Data to process:
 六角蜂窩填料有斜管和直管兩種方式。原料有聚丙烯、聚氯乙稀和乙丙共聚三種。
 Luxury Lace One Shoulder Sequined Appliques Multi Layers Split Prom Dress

...

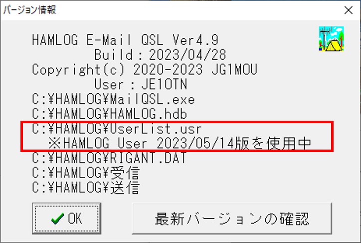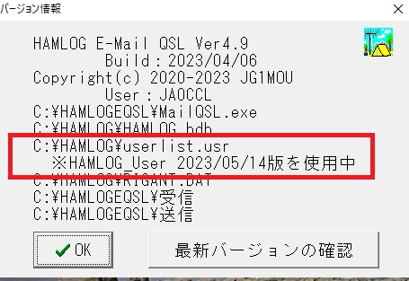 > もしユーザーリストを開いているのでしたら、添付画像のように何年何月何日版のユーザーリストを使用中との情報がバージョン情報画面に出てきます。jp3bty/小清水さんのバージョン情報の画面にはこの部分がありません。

What you should do: Please copy the lines above from the line with "六角蜂窩填料有斜管和直管兩種方式。原料有聚丙烯、聚氯乙稀和乙丙共聚三種。" up to and including the line with "Luxury Lace One", exactly as written and with nothing else.

Answer to the exercise:
 六角蜂窩填料有斜管和直管兩種方式。原料有聚丙烯、聚氯乙稀和乙丙共聚三種。
 Luxury Lace One Shoulder Sequined Appliques Multi Layers Split Prom Dress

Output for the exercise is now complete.